THE INPUT section start

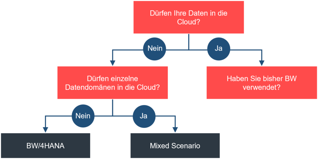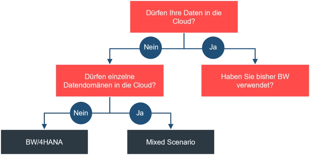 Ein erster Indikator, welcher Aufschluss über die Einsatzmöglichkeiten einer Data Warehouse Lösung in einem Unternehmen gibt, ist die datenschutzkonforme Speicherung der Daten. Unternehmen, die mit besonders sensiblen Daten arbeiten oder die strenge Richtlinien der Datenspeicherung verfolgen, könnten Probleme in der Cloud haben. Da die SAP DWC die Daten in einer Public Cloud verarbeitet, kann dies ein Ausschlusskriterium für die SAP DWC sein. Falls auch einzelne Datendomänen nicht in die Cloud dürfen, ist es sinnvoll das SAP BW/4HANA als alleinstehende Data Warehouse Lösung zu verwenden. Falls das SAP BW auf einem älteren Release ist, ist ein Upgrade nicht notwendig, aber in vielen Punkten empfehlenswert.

THE INPUT section end
THE INPUT section start

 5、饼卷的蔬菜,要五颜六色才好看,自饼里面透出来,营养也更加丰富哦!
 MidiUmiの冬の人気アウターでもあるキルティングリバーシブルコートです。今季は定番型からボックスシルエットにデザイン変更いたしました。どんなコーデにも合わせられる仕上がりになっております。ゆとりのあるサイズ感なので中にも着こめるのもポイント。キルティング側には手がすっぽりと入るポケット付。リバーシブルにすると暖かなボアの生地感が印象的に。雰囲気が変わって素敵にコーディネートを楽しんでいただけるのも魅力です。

THE INPUT section end
THE INPUT section start

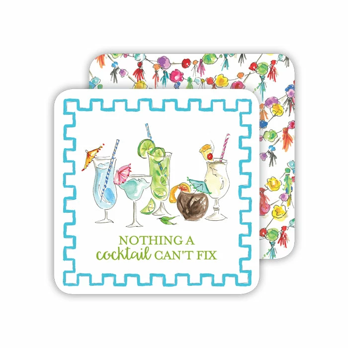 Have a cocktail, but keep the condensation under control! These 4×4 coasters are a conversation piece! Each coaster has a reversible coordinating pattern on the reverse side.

THE INPUT section end

#### [EXERCISE BRIEF]
The lines above starting at the one that contains "5、饼卷的蔬菜,要五颜六色才好看,自饼里面透出来,营养也更加丰富哦!" and ending at the one that contains "MidiUmiの冬の人気アウ" must be transcribed exactly, and no other lines may appear.

#### [SOLUTION TO THIS TASK]
 5、饼卷的蔬菜,要五颜六色才好看,自饼里面透出来,营养也更加丰富哦!
 MidiUmiの冬の人気アウターでもあるキルティングリバーシブルコートです。今季は定番型からボックスシルエットにデザイン変更いたしました。どんなコーデにも合わせられる仕上がりになっております。ゆとりのあるサイズ感なので中にも着こめるのもポイント。キルティング側には手がすっぽりと入るポケット付。リバーシブルにすると暖かなボアの生地感が印象的に。雰囲気が変わって素敵にコーディネートを楽しんでいただけるのも魅力です。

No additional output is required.